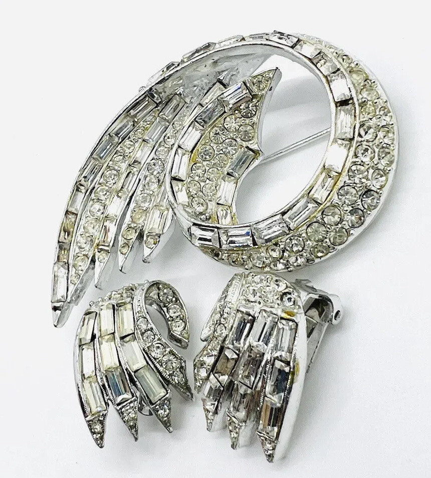 Absolutely beautiful vintage signed PELL sparkling clear baguette rhinestone brooch and earrings demi. Rhodium plated metal set with clear baguette and round rhinestones in a swirl design. In excellent vintage condition with minimal age appropriate wear. NOTE…. The light box makes these appear slightly yellow but in actually and in person…the stones are not yellow at all. Brooch measures 2 5/8 inches long by 1 5/8 inches wide. Roll over clasp secure the matching clip back earrings are 1 inch tall by 3/4 inch wide. Clip backs secure.
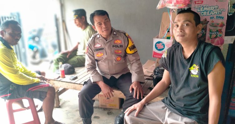 Personil Polsek Cikampek Aiptu Dede Sudiana melaksanakan Jumat Curhat bersama warga desa Kertawaluya kecamatan Tirtamulya Kabupaten Karawang.
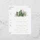 Elegantes postales de invitación a la boda rústica con nombres y detalles bodas en letras de Relieve metalizado dorado con pinos de color verde anaranjado y color salvia. Las invitaciones para la boda de otoño o invierno incluyen un hermoso guión de caligrafía de Relieve metalizado dorado. Las postales de la invitación a la boda en el bosque se invierten para mostrar su dirección de retorno, los detalles de RSVP y el sitio web del boda. Diseñado para coordinar con nuestra colección de bodas Rustic Pine Forest.
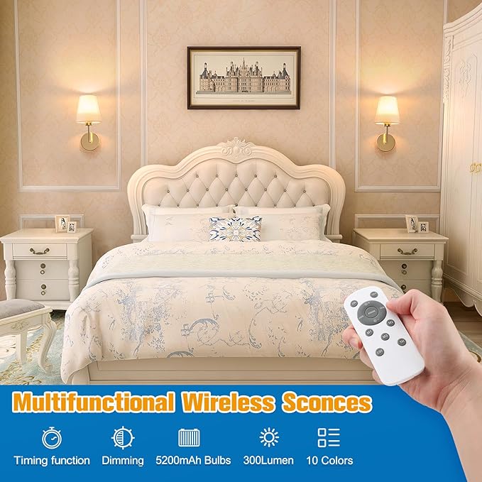 - 【Remote Control & Easy operations】Wireless sconces set of 2 take full control of your lighting experience with the included remote. Easily customize brightness levels and light effects from the comfort of your couch or bed. With just a press of a button, you can create the perfect ambiance for any occasion, whether it's movie night or a cozy evening at home.
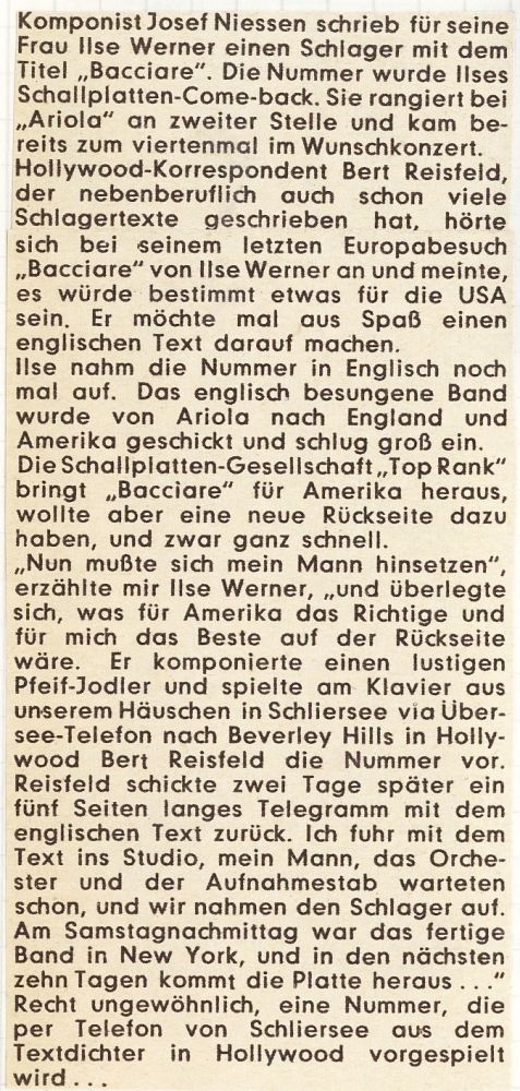 freischaffender Komponist u.a. "Aber Mein Hans, Der Kann’s"-1949, "Baciare"-1960, "Nachts In Rom"-1960,
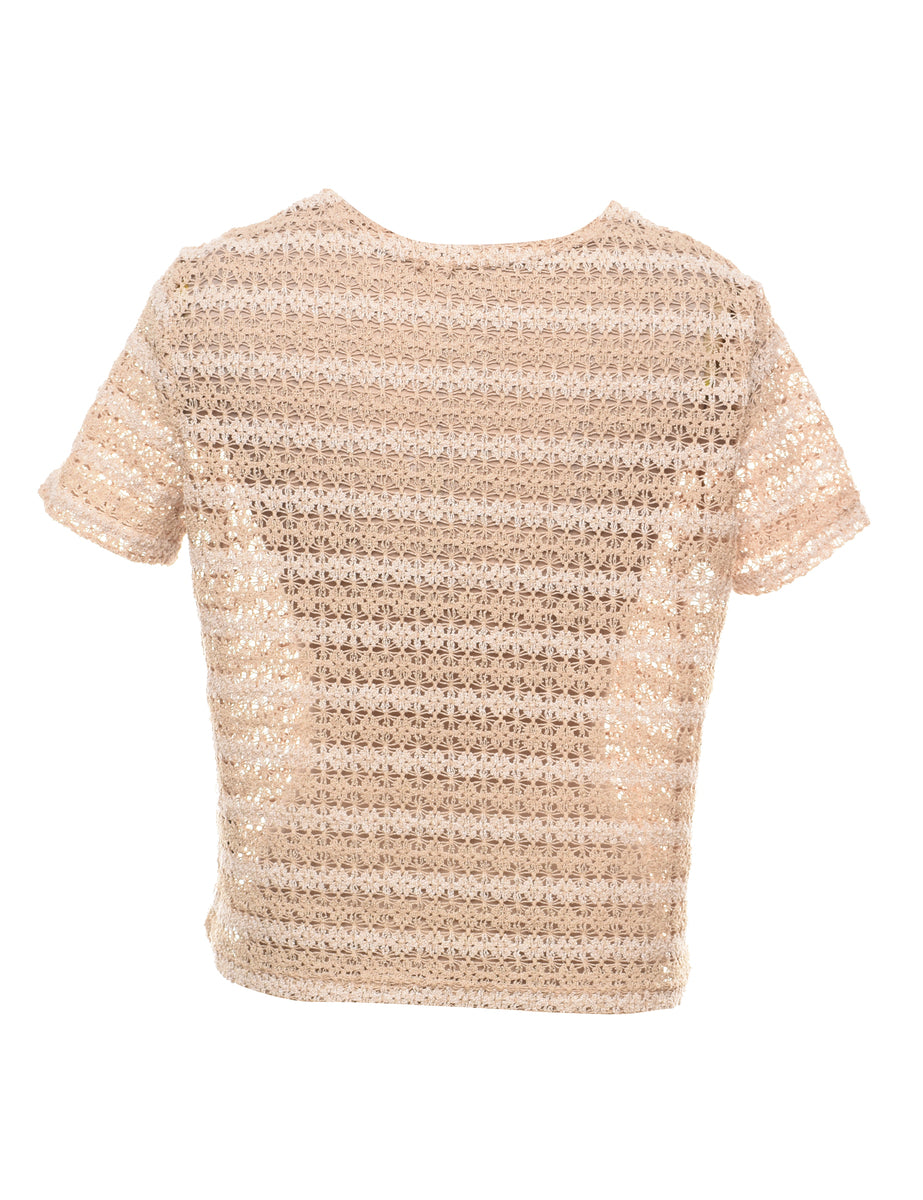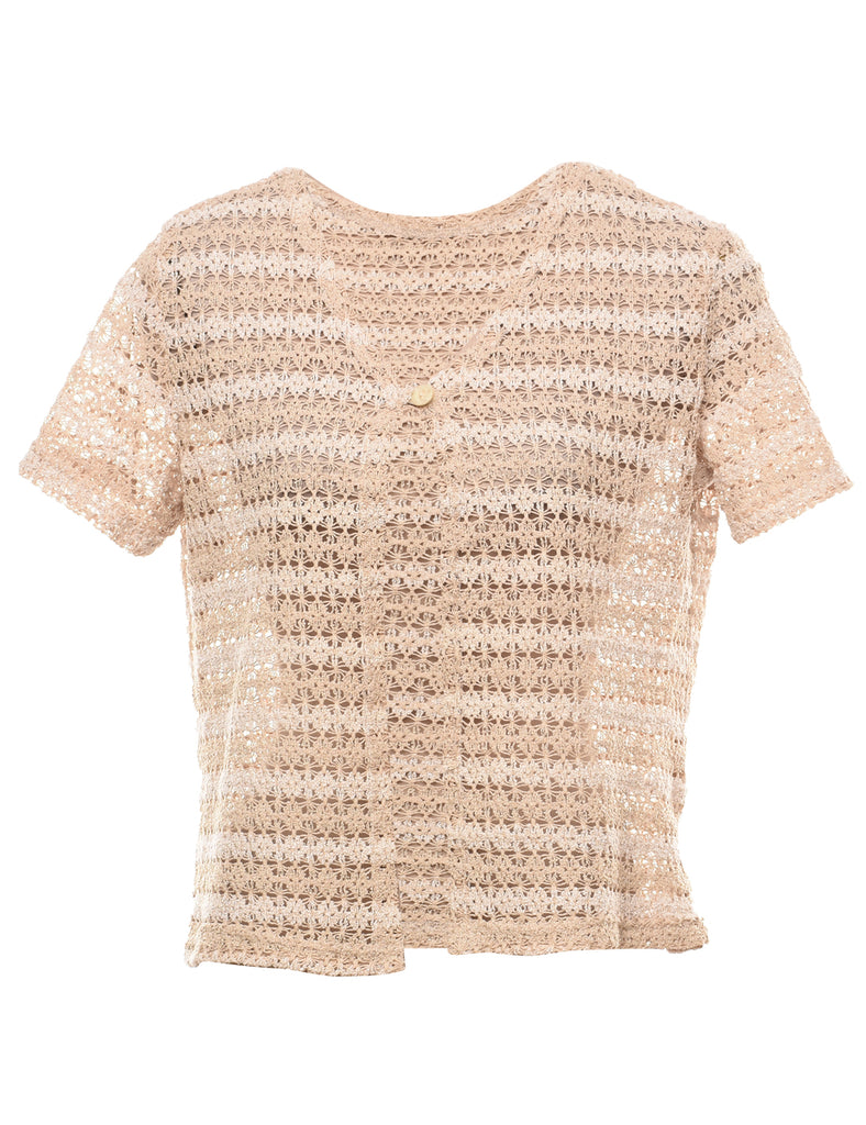 Beige Crochet Knit Cardigan - M
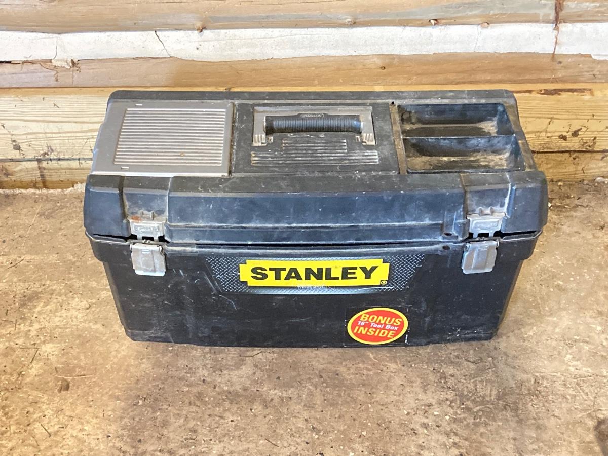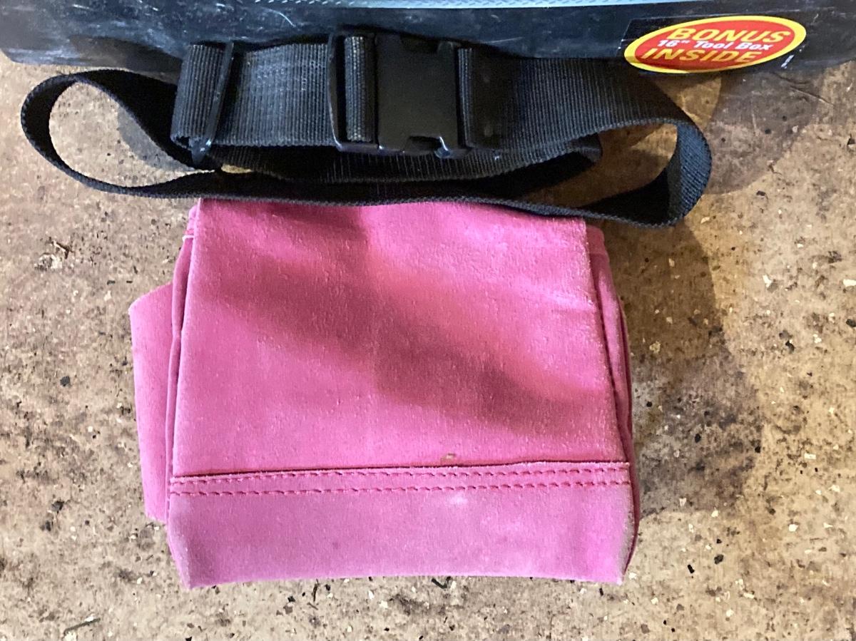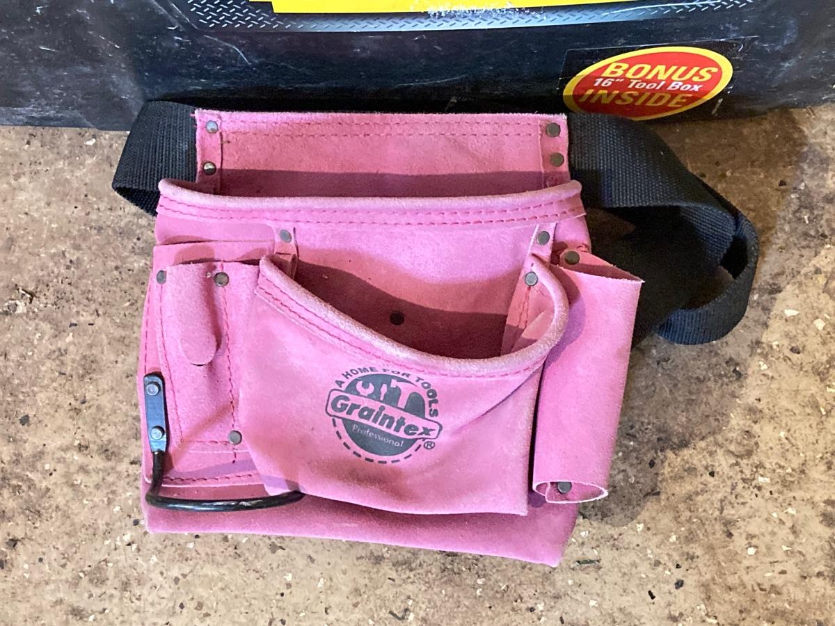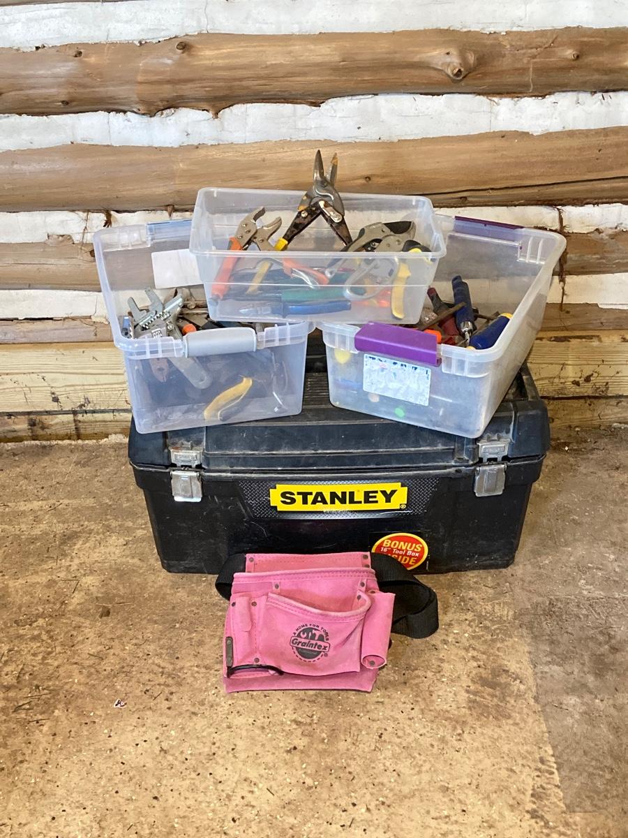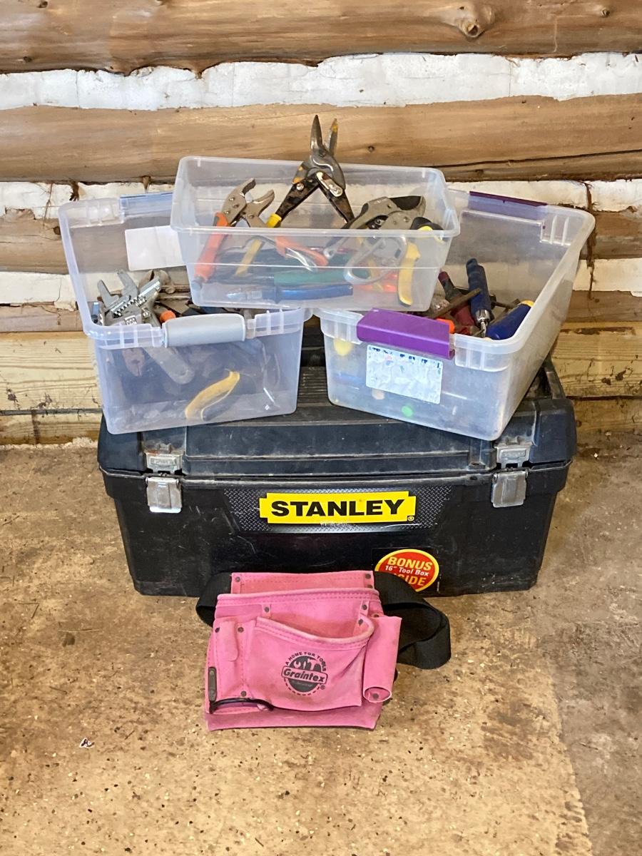 LOT 80: Stanley Tool Box, Pink Tool Belt and Assorted Tools

^^^^^^^^

→ PROBLEM DESCRIPTION
Once you have returned the line containing "Personil Polsek Cikampek", stop; begin at the first line of the material, keep each line exact, and skip the pictures.

→ SOLUTION FOR THIS PROBLEM
 Absolutely beautiful vintage signed PELL sparkling clear baguette rhinestone brooch and earrings demi. Rhodium plated metal set with clear baguette and round rhinestones in a swirl design. In excellent vintage condition with minimal age appropriate wear. NOTE…. The light box makes these appear slightly yellow but in actually and in person…the stones are not yellow at all. Brooch measures 2 5/8 inches long by 1 5/8 inches wide. Roll over clasp secure the matching clip back earrings are 1 inch tall by 3/4 inch wide. Clip backs secure.
 Personil Polsek Cikampek Aiptu Dede Sudiana melaksanakan Jumat Curhat bersama warga desa Kertawaluya kecamatan Tirtamulya Kabupaten Karawang.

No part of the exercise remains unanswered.